I shook my head. "No. All physical copies were destroyed by order of the Daimyo."

Orochimaru's chakra rippled with anger, an undercurrent of heat beneath his calm expression. "Then why—"

"I memorized them," I interrupted softly. "Every formula, every procedure, every page. I offer them to Konoha — in exchange for my protection."

For a moment, I thought he might laugh. His eyes flicked over me with the detached amusement of a scientist examining an insect. Then, humoring me, he said, "Then tell me, little scholar… what is a cell?"

The corner of my mouth twitched. I answered instantly.

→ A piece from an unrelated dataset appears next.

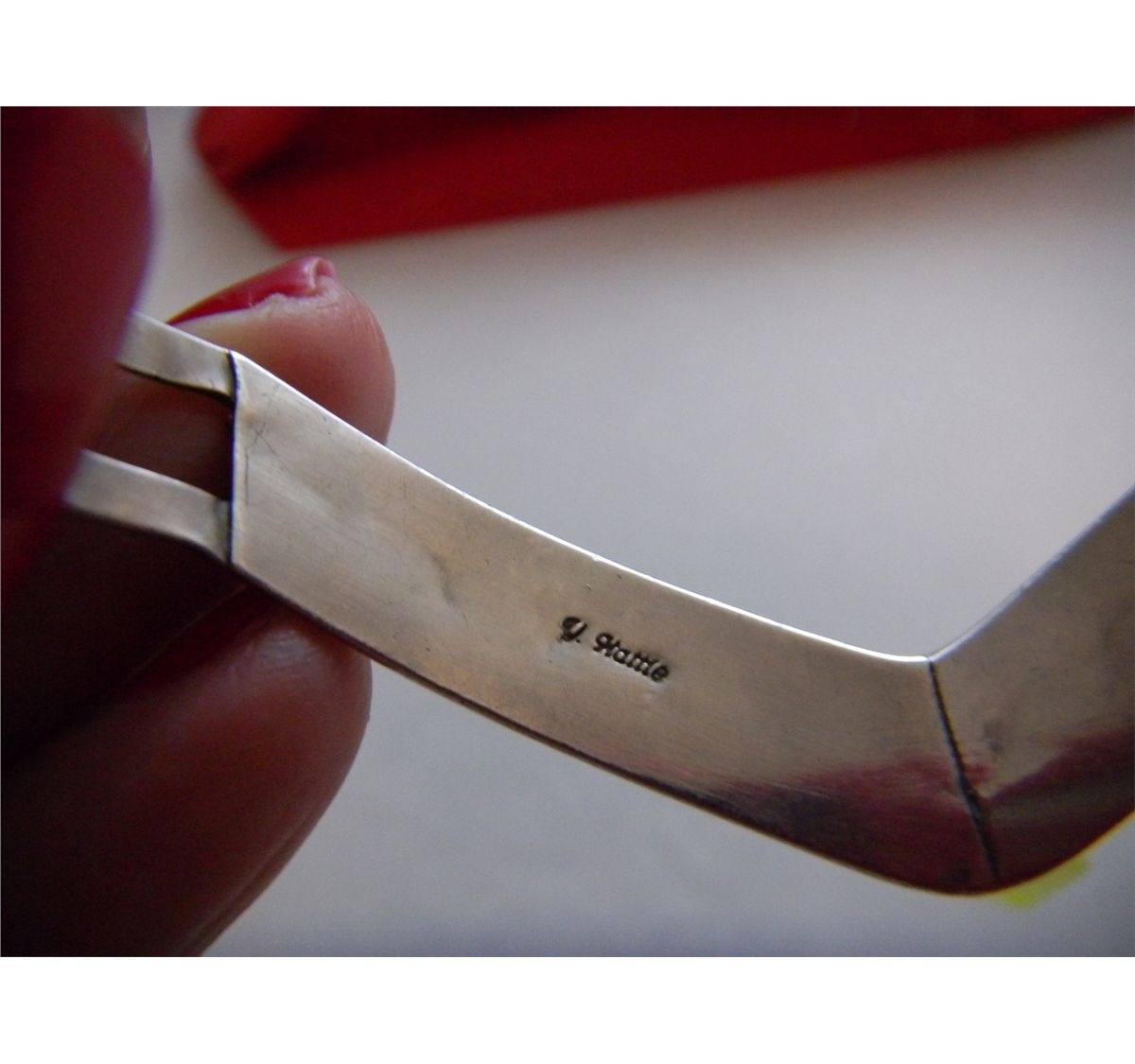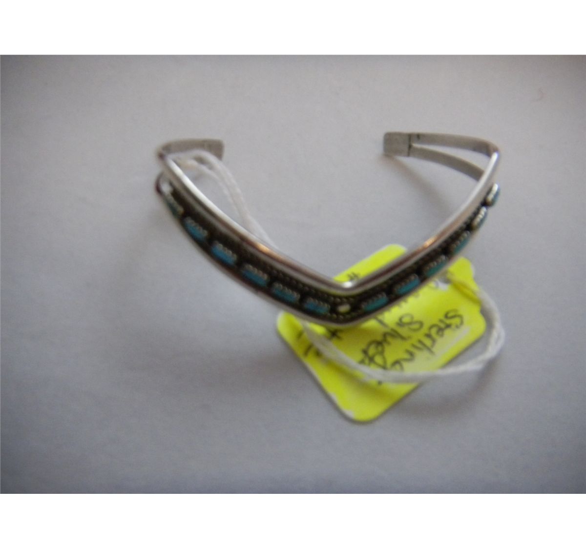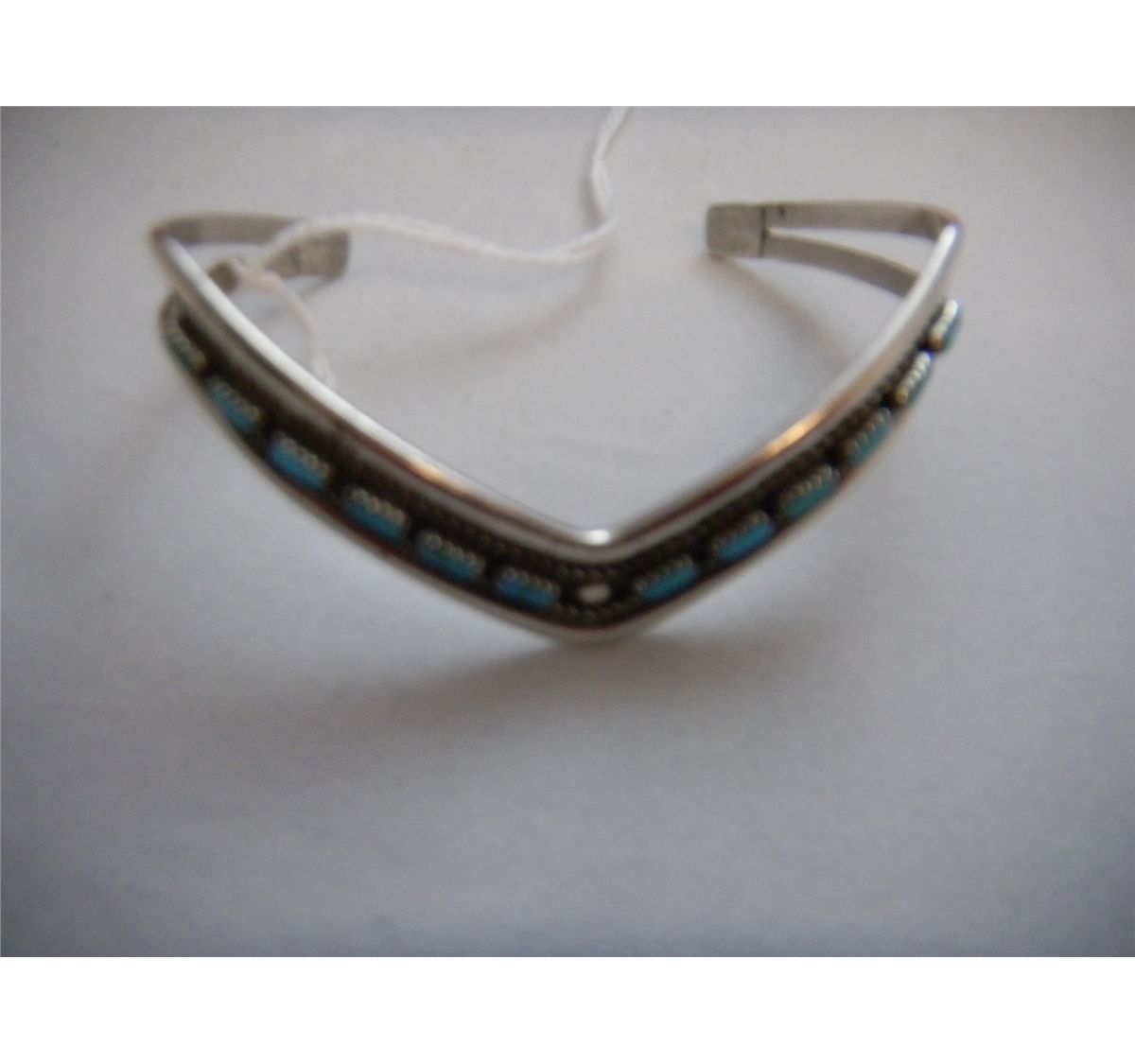 Sterling Silver Bracelet signed V. Mattie. Bracelet is in a chevron shape and has twelve matched turquoise stones. 1960. Shipping $10.00. The weight of the bracelet is 11.4 grams.

"A cell is the smallest structural and functional unit of an organism, typically microscopic and consisting of cytoplasm and a nucleus enclosed within a membrane."

He looked up from his scroll then, truly looking at me. His chakra flared with sudden interest — sharp, bright, electric.

"What," he asked softly, "is the process of cell division in somatic cells called?"

"Mitosis," I replied.

He leaned back, eyes narrowing. "If a mutation occurs in the DNA sequence of a gene that codes for an enzyme, how might that affect the enzyme's function — and under what circumstances might it not?"

I didn't hesitate.

"A mutation can change the mRNA codons produced during transcription, which may alter the amino acid sequence during translation. This can distort the enzyme's tertiary structure, changing or destroying its active site. If the shape changes, the enzyme may not bind to its substrate — unless the mutation is silent, leaving the amino acid sequence unchanged."

Silence. His eyes — gold and slit-pupiled — fixed on me with rapt fascination.

Finally, he whispered, "How old are you?"

"I turned five this spring, my lord."

He stared at me for several long moments, expression unreadable, then rose slowly to his feet. His chakra coiled and uncoiled like smoke around him — curiosity, calculation, and something colder beneath.

"…Go back to your tent," he said at last. "In the morning, you'll join Squad Fourteen. They depart for the Hidden Leaf at dawn."

As I bowed and left, I could feel his chakra following me out — slick and serpentine, tasting the air around me as though memorizing my scent.